Surveillance notes say one of Anthony Chinn's buyers called because she
was worried about a friend who "went into a G hole (from GHB, a depressant)
and is puking blood." Chinn said that was normal and the guy would sleep it
off. (The Drug Enforcement Administration says GHB contains the same
ingredients as industrial cleaner and has resulted in at least 58 deaths
since 1990.)
Rip-offs
Gravano associates are frequently heard in wiretap summaries plotting to
cheat and rob one another.
In one case, David Seabrook, suspected of being a business partner of
Gravano, duped a kid into paying $3,800 for Ecstasy that was never
delivered. The youth's nightmare escalated through hours of frantic phone
calls, detectives reported, and finally ended with weeping, begging - and
threats from Seabrook.
Other wiretaps picked up Andre "Dre" Wegner, who according to court
records was the Arizona gang's supplier, complain that he was shorted
$10,000 on a $100,000 payment. Police noted that Papa swore the full amount
was sent because "the big man himself" counted the cash.

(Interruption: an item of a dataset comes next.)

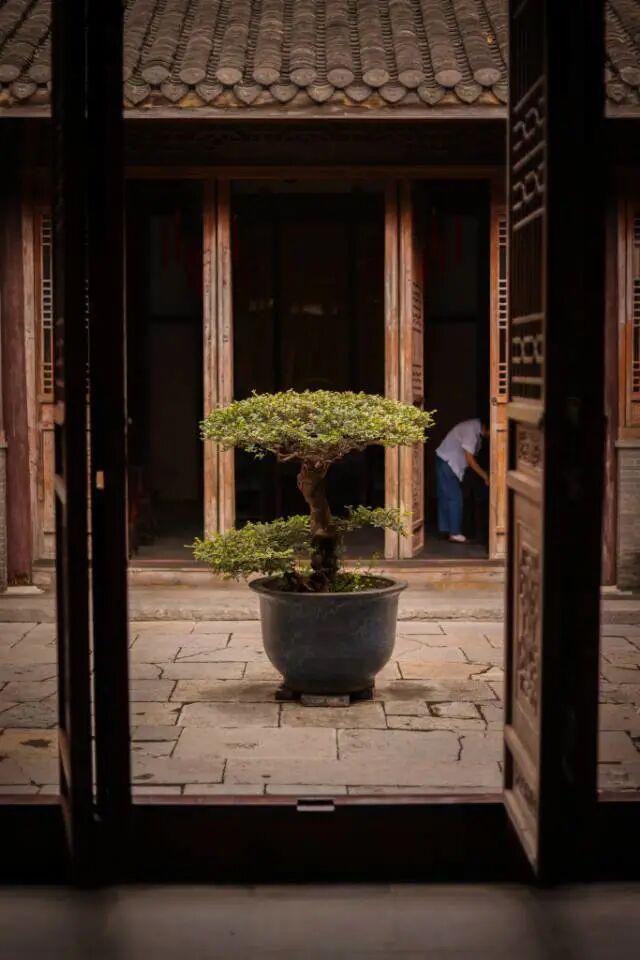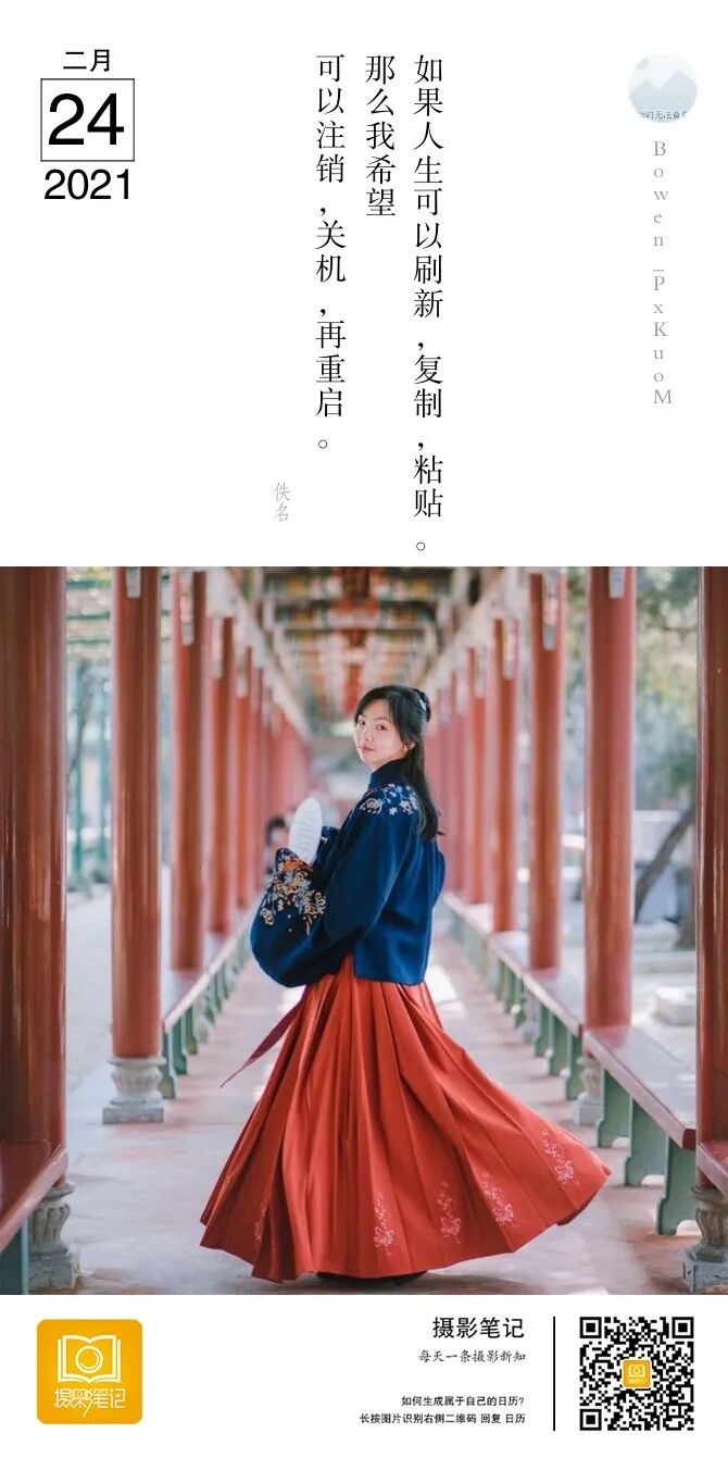 作为古典园林,宝墨园特别适合古装拍摄。以长廊的廊柱作为引导线,使画面的空间感大大加强。同时让老婆旋转带起裙摆营造画面动感。另外就是转圈的时候要注意表情管理

Other wiretap summaries allege that some of the gang members talked of
going to Los Angeles to rob other drug dealers. Police fueled the distrust
by silently seizing a Federal Express shipment of pills to Cleveland. In
frenzied phone calls, a half-dozen people tried to figure out what went
wrong, then agreed never to use Fed Ex again.
Busted
In early February 2000, police listened as phone users from Tempe, Los
Angeles and Cleveland spent several days devising a cockeyed drug deal.

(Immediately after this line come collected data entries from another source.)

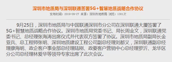 深圳市地質局不斷探索基于5G技術的地質領域創(chuàng)新應用,實現云技術平臺開發(fā)、感傳智能四方面研究和傳感器設備改進、研制,打造專家型、AI智能化下一代平臺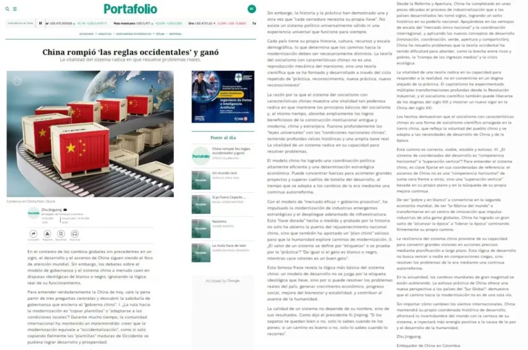 2026年4月15日,驻哥伦比亚大使朱京阳在哥主流财经媒体《证券报》发表署名文章《破除“主义”的迷雾:关于中国制度逻辑的时代三问》,结合当前部分国家意识形态和制度之争,深入解读“中国之治”破解时代难题、实现现代化发展的道路和制度优势。全文如下: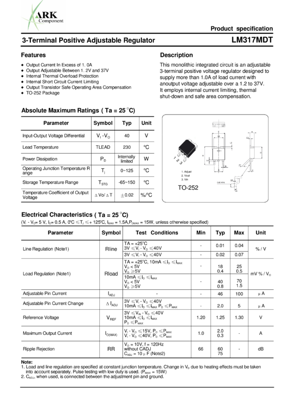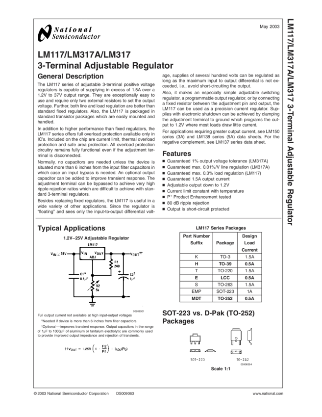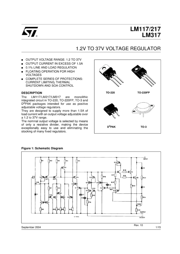 3-Terminal 1.5 A Positive Adjustable Voltage Regulator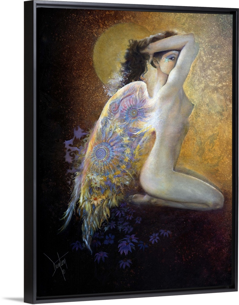 <p>A contemporary painting of a fairy with brightly colored elaborate wings sitting and gazing at the viewer through the closure of her arm as she holds her hair.</p>

The final plan, according to wiretap summaries: A courier from Los Angeles
would fly to Sky Harbor Airport in Phoenix with several thousand Ecstasy
pills just as two prospective buyers arrived from Cleveland. Michael Papa
and Anthony Chinn would serve as brokers.
On Feb. 10, a dozen undercover officers tailed the suspects around the
airport and eavesdropped on cell phone calls. Moments after the exchange in
Terminal 3, police say, detectives stopped Eric Billock and Eric Schwartz,
both of Cleveland.
Officer Timothy Burk's report describes what happened next: "I noticed that
Billock's hands were shaking violently and that he had trouble speaking.
... I searched (him) and located what felt like a large bag of pills in his
groin area."
Billock and Schwartz have pleaded guilty.
Normal life
Seabrook, who worked for Gravano and was his prospective son-in-law,
compared their lives to the popular TV show about a New Jersey mob family:
"Dave says The Sopranos is a good show because it's not all gangstered out
like The Godfather," a police wiretap summary notes. "It's really like ...
normal."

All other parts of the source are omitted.